Limitations & Future Work¶
- Dependency on Internal Statistics: Generation is limited to rearranging existing patches; it cannot introduce novel semantic structures or textures not present in the reference image.
- Approximation Cost at High Res: Gigapixel generation relies on latent spaces and ANN approximations, showing that the pure analytical solution is computationally restrictive at extreme scales.
- Evaluation Metrics: SIFID is controversial (rewarding duplicates). A better metric is needed to balance "fidelity to input" and "novelty of layout."

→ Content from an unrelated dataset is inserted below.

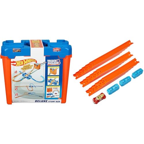 Hot Wheels Deluxe Stunt Box Giftable Set 15 Feet 36 Pieces Track Connectors and Curves, Ages 6 to 12 Years, GGP93 & BHT77 Straight Track Builder with Diecast and Mini Car Toy Pack [Amazon Exclusive]

- Future Directions: Making ANN indexing adaptive to scale/region or incorporating cross-image patch libraries could break the limit of "only rearranging the input."
Related Work & Insights¶
- vs. SinDDM / SinFusion / SinDiffusion (Training-based Diffusion): These require 1.5–10 hours to implicitly model patches. Ours uses an explicit closed-form denoiser, is training-free, and achieves better SIFID and diversity.
- vs. GPNN / GPDM (Non-parametric Patch Methods): While similarly fast and training-free, these tend towards near-duplicates as they lack probabilistic score modeling. Ours provides a probabilistic framework allowing for better controllability.
- vs. Classic Restoration (NLM / EPLL): Ours proves the diffusion denoiser is essentially NLM or a GMM MAP estimate, successfully repurposing restoration tools for the generative task.
Rating¶
- Novelty: ⭐⭐⭐⭐⭐ The leap from "finite patch set" to "analytical score" fundamentally changes the training-free single-image diffusion paradigm.
- Experimental Thoroughness: ⭐⭐⭐⭐ Extensive comparisons and multi-application demos are provided, though metrics remain tied to SIFID.
- Writing Quality: ⭐⭐⭐⭐⭐ Clear progression from observation to mathematical derivation to Algorithmic implementation.
- Value: ⭐⭐⭐⭐⭐ Practical and inspiring, enabling high-res single-image generation in seconds without any training.